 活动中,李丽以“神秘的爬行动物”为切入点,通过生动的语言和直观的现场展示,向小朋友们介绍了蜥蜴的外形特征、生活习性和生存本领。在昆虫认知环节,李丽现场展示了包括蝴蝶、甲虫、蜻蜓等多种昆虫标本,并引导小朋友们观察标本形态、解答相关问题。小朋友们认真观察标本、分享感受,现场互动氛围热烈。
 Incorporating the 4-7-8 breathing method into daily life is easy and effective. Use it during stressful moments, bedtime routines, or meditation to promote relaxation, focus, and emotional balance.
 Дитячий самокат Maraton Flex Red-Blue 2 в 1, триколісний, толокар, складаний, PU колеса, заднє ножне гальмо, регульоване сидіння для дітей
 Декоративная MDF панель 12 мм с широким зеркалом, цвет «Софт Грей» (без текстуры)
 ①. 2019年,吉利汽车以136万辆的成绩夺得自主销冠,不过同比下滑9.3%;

····················

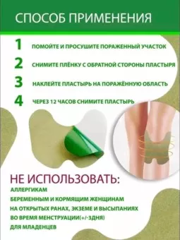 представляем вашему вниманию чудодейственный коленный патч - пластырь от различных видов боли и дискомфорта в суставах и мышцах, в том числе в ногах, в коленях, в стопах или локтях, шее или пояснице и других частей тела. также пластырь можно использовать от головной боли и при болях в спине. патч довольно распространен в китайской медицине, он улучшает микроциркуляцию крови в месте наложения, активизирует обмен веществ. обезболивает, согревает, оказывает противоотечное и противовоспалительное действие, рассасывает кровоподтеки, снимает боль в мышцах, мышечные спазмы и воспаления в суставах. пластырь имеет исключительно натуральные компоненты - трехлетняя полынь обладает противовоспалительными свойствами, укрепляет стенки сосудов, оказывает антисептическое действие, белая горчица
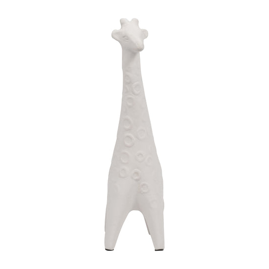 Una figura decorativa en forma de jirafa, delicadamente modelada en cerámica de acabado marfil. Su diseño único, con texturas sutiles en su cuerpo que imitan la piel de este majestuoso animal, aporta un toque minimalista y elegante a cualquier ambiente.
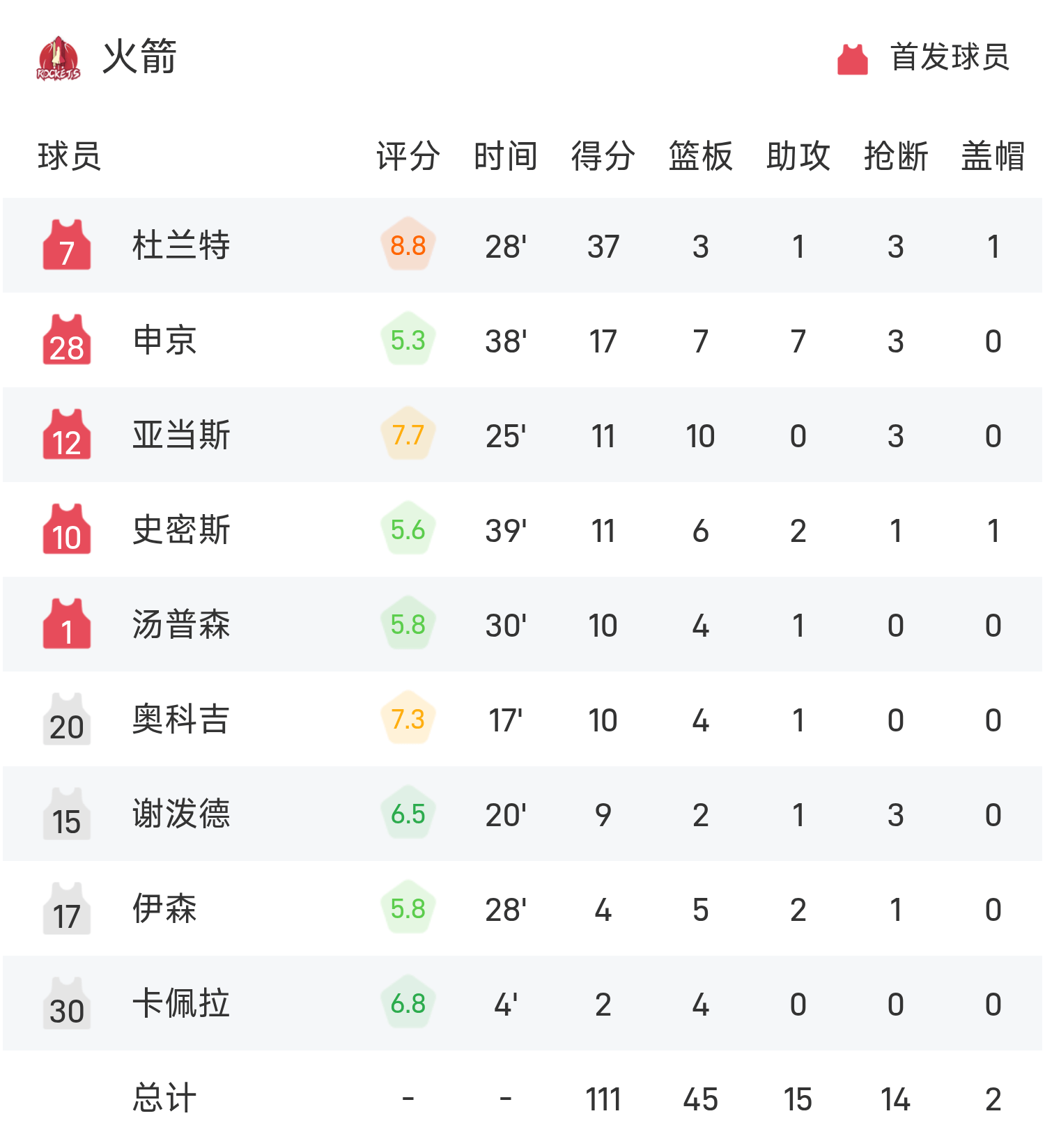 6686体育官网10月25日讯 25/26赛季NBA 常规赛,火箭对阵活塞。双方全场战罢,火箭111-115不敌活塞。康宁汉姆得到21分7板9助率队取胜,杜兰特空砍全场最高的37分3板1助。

····················

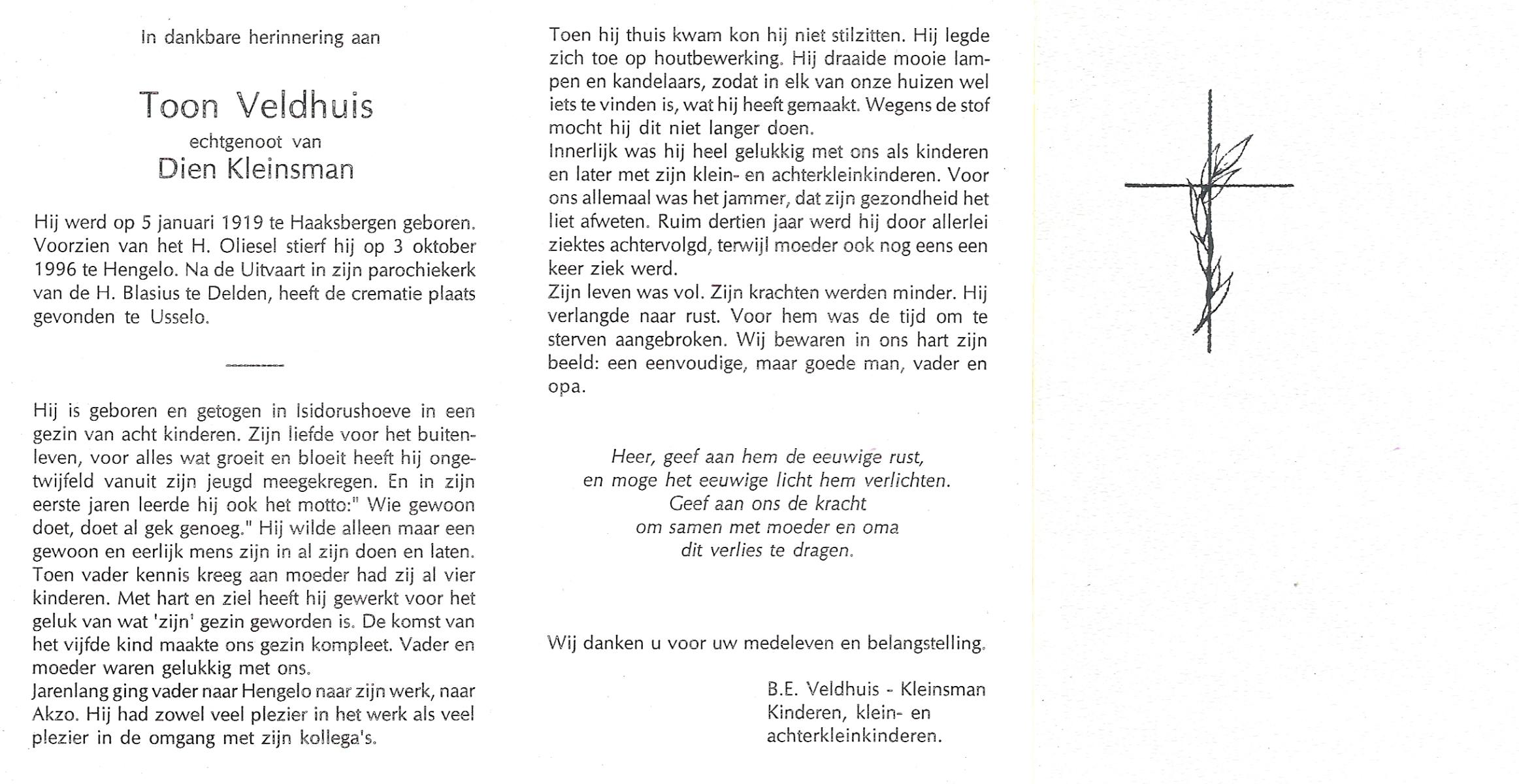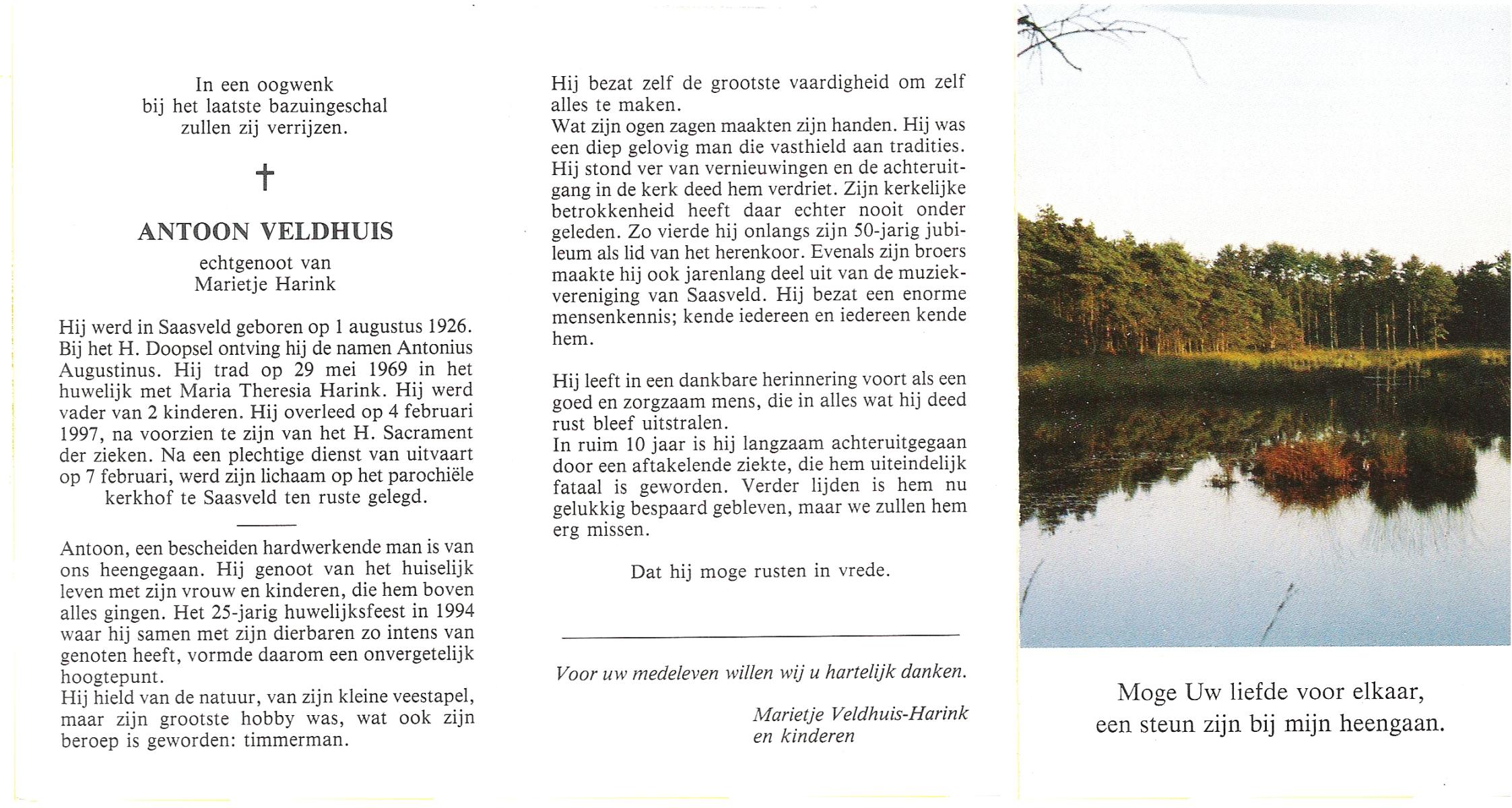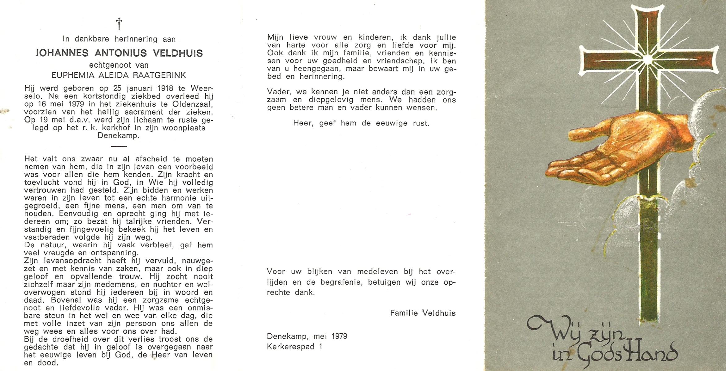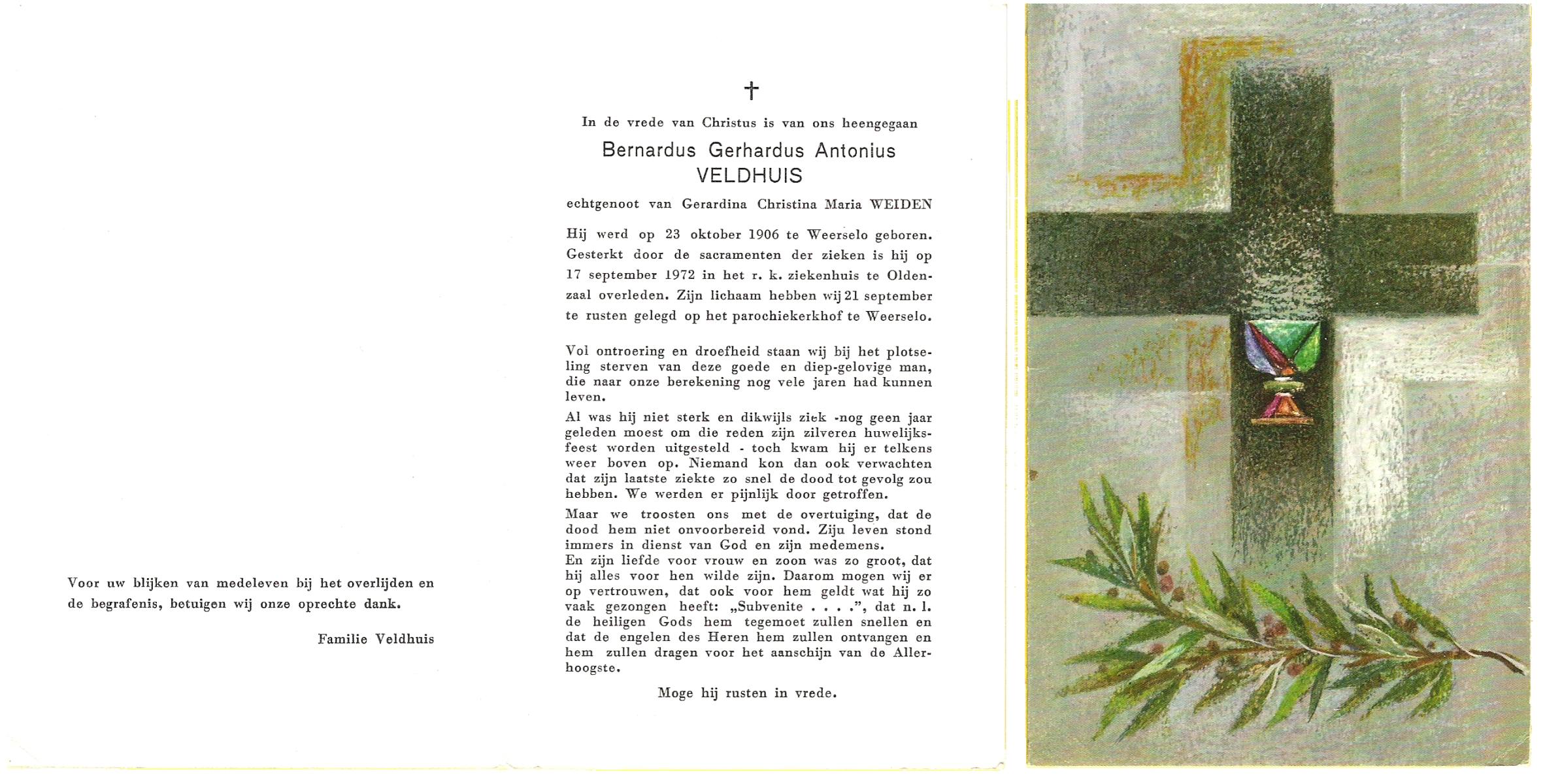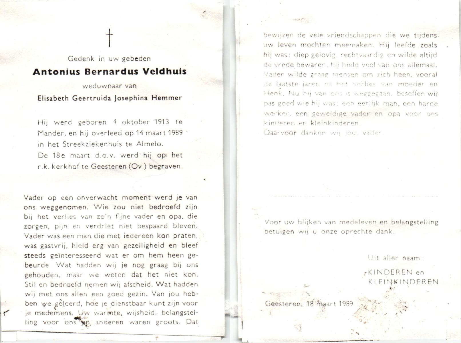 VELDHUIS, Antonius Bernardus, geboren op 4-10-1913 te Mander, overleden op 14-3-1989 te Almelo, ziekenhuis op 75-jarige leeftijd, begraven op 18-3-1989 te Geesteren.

····················

### Assigned task
In the listing above, locate the line containing "Дитячий самокат Maraton" and the line containing "①. 2019年,吉利汽车以", then transcribe both and every line between them verbatim.

### Answer area
 Дитячий самокат Maraton Flex Red-Blue 2 в 1, триколісний, толокар, складаний, PU колеса, заднє ножне гальмо, регульоване сидіння для дітей
 Декоративная MDF панель 12 мм с широким зеркалом, цвет «Софт Грей» (без текстуры)
 ①. 2019年,吉利汽车以136万辆的成绩夺得自主销冠,不过同比下滑9.3%;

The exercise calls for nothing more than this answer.